Task requirements —
Transcribe the whole listing below without changing a word, but leave out every image.

Material provided —
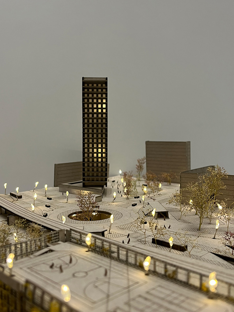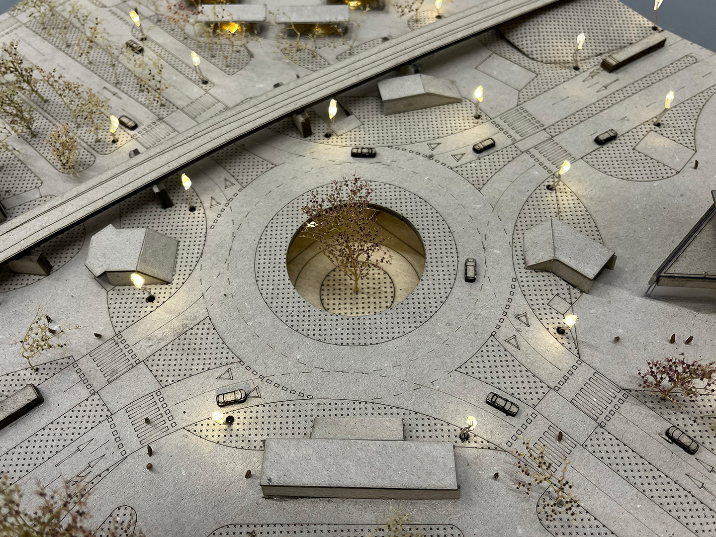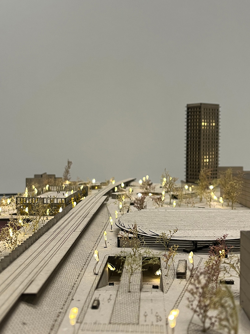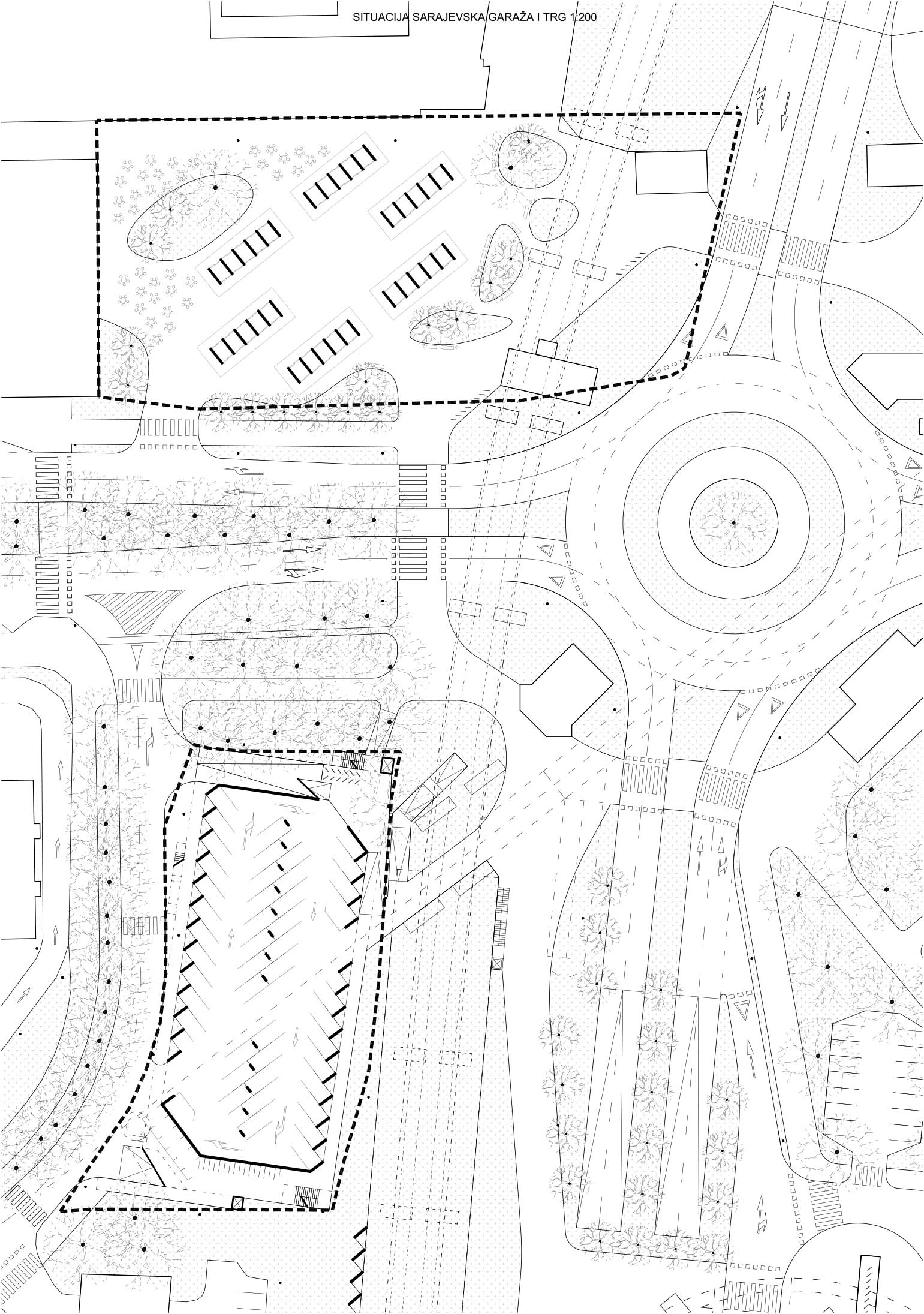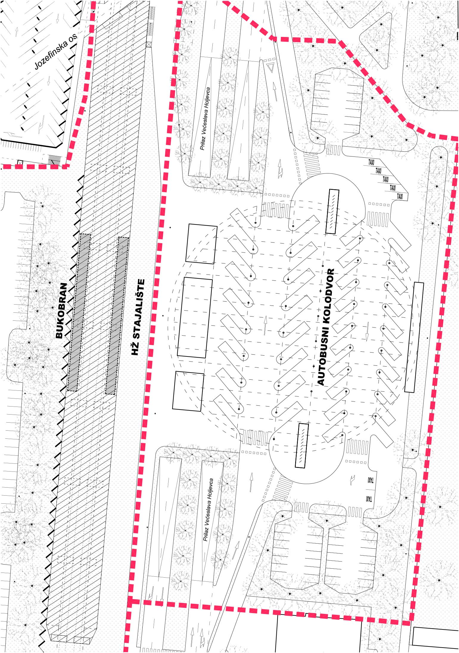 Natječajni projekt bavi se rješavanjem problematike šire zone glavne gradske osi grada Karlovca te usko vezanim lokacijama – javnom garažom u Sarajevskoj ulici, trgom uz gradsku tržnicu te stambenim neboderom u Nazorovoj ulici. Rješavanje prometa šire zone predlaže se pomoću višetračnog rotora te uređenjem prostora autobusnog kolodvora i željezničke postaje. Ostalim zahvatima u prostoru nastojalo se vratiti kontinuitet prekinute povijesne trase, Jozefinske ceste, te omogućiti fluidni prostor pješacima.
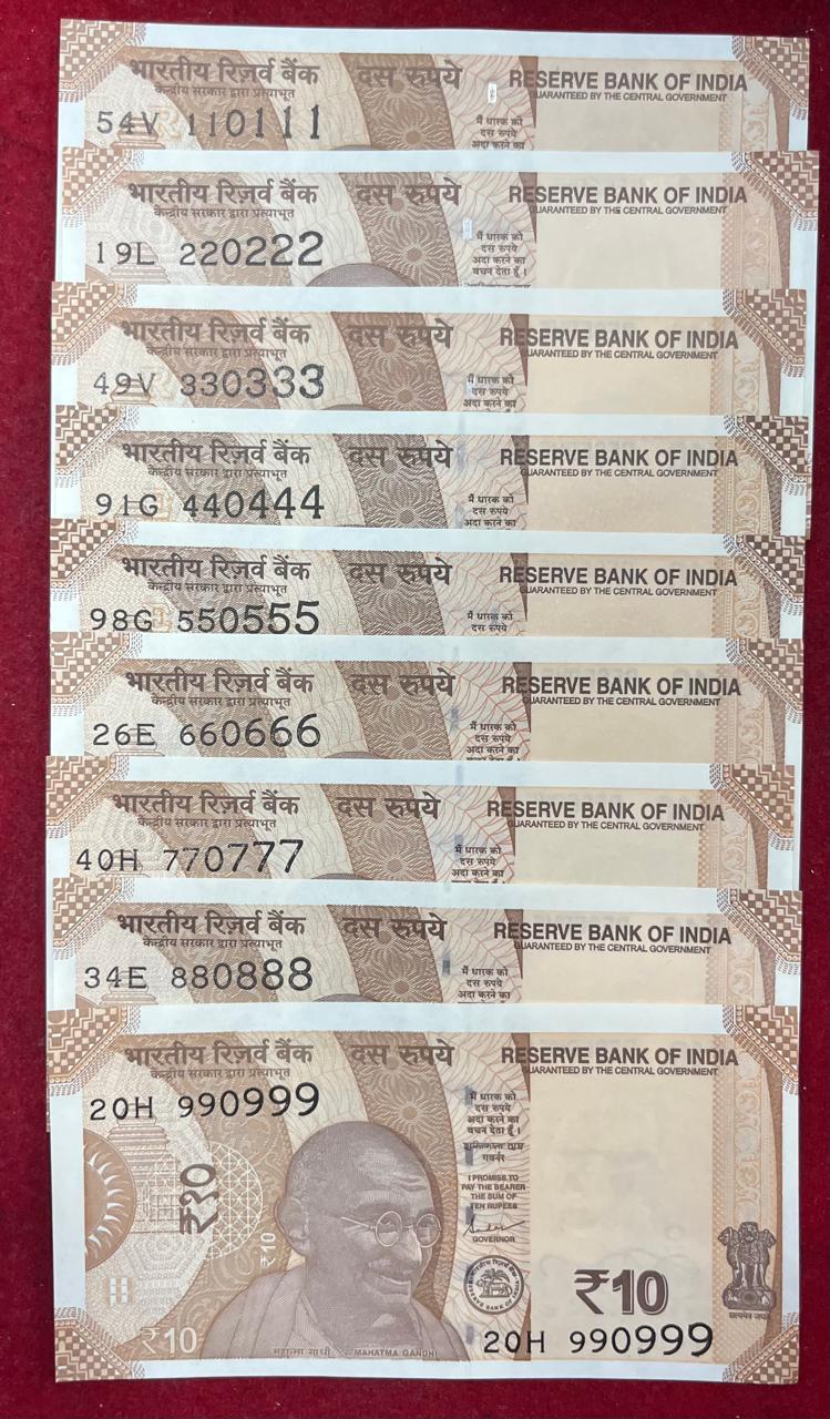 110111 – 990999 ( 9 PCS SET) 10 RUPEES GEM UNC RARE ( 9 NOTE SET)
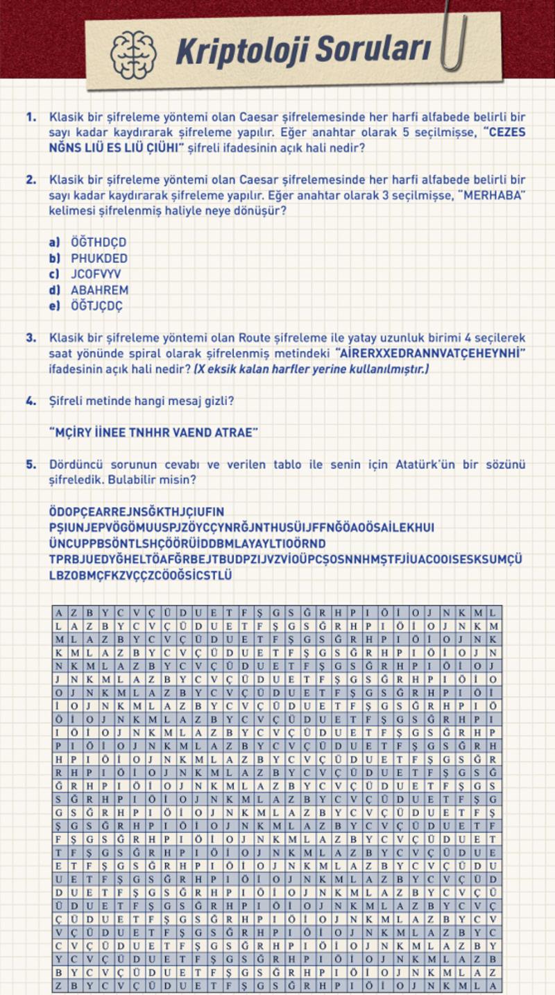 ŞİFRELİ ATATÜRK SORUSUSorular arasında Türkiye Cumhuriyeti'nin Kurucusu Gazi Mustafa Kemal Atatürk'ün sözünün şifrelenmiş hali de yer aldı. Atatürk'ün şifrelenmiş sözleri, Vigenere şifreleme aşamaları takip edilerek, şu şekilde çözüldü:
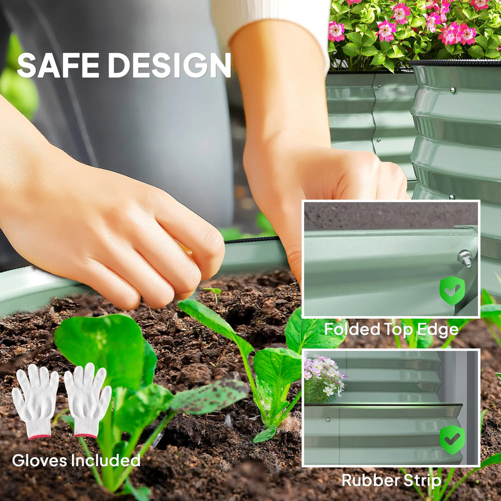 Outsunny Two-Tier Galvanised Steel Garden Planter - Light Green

Reply —
 Natječajni projekt bavi se rješavanjem problematike šire zone glavne gradske osi grada Karlovca te usko vezanim lokacijama – javnom garažom u Sarajevskoj ulici, trgom uz gradsku tržnicu te stambenim neboderom u Nazorovoj ulici. Rješavanje prometa šire zone predlaže se pomoću višetračnog rotora te uređenjem prostora autobusnog kolodvora i željezničke postaje. Ostalim zahvatima u prostoru nastojalo se vratiti kontinuitet prekinute povijesne trase, Jozefinske ceste, te omogućiti fluidni prostor pješacima.
 110111 – 990999 ( 9 PCS SET) 10 RUPEES GEM UNC RARE ( 9 NOTE SET)
 ŞİFRELİ ATATÜRK SORUSUSorular arasında Türkiye Cumhuriyeti'nin Kurucusu Gazi Mustafa Kemal Atatürk'ün sözünün şifrelenmiş hali de yer aldı. Atatürk'ün şifrelenmiş sözleri, Vigenere şifreleme aşamaları takip edilerek, şu şekilde çözüldü:
 Outsunny Two-Tier Galvanised Steel Garden Planter - Light Green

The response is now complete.